Even though he and Lennox both told me he didn’t do girlfriends before that, Scarlet must have changed his mind with her apparently virginal tightness, because he moved from the Crows’ table to the football table after that. Every day, Scarlet perched on his knee and crowed louder than Poe ever did. I swear the bitch wanted the whole cafeteria to turn her way, so they’d see that she tied down the powerful, elusive, unattainable Maddox North.
She can have him. I have his brother, the one everyone else overlooks. I don’t overlook him—not anymore. I don’t know how I ever did. He’s hotter than Maddox anyway, so beautiful he’s a piece of art in himself.

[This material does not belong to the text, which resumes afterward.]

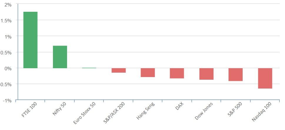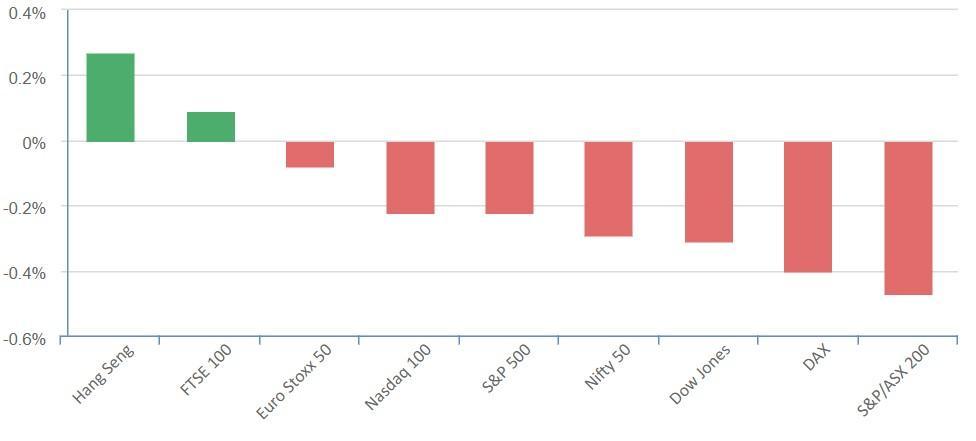 Stocks edged lower overnight as Treasury yields rose to their highest level in more than a decade on fresh inflation concerns as investors awaited the Federal Reserve monetary policy update due Wednesday.
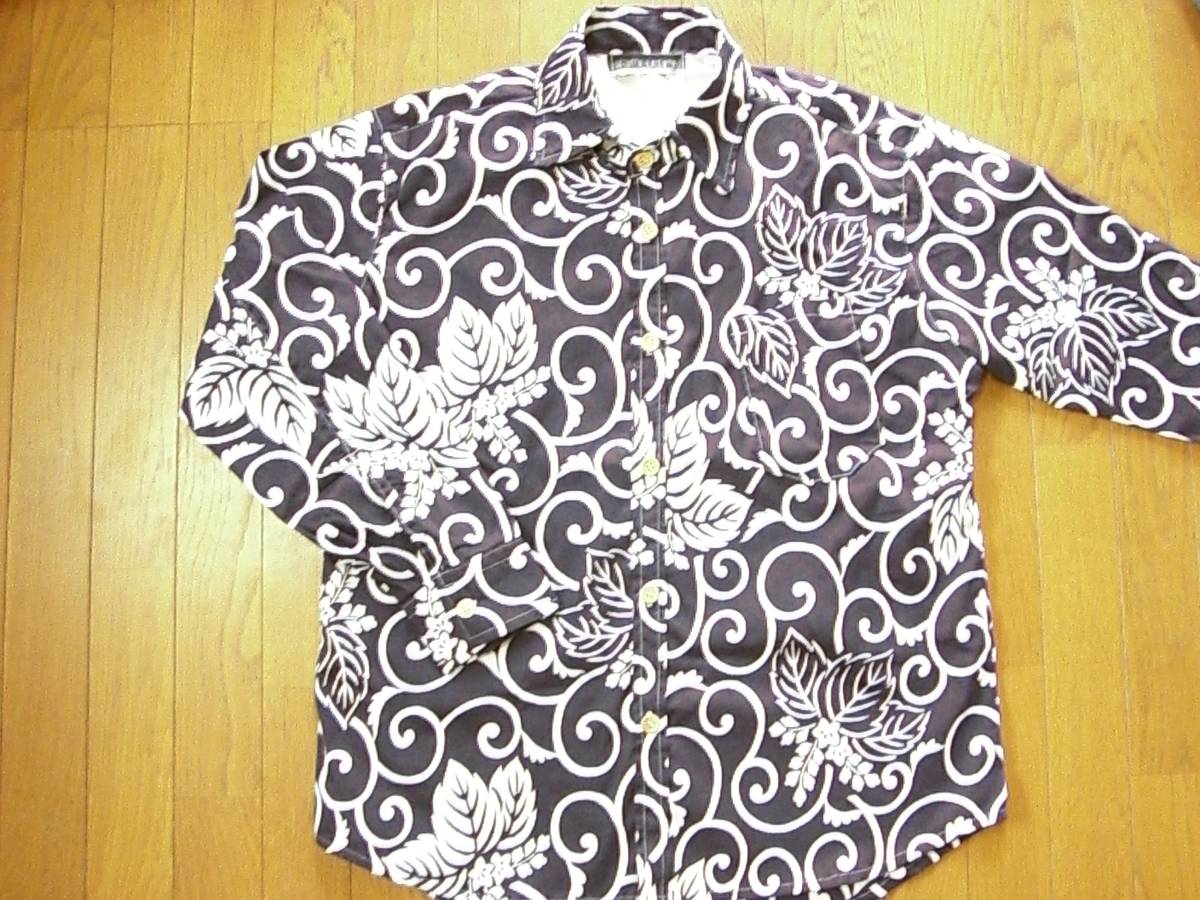 - ☆手作り☆ 唐草模様長袖シャツ 紺 XL 新品 送無料あり

Without him, I don’t know how I would have survived the devastation to my ego that Maddox inflicted. Instead of getting dumped and having to walk around alone, seeing Maddox with his new, upgrade of a girlfriend, I had a gorgeous boyfriend of my own. Not only that, but Lennox did things Maddox would never do, showing him up and proving every day that I made the right choice. In the end, he was even more of an upgrade than Scarlet was for Maddox. Instead of looking pathetic and used, I spent the last few weeks of senior year with a doting boyfriend who held my hand, brought me flowers for no reason, and took me to dinner after graduation when everyone else went out with their families.
“Apparently this is an engagement dinner,” Valeria says, breaking the silence at last. “So I’m glad you showed up. Now, if you and your brother can get along for a few hours, let’s try to make this a celebratory evening.”
She gives him a tight smile, but he’s not looking at her.
The news seems to have derailed his plan to pretend everything is all hunky-dory. He stares at Lennox in disbelief, a bite of chicken forgotten halfway to his mouth.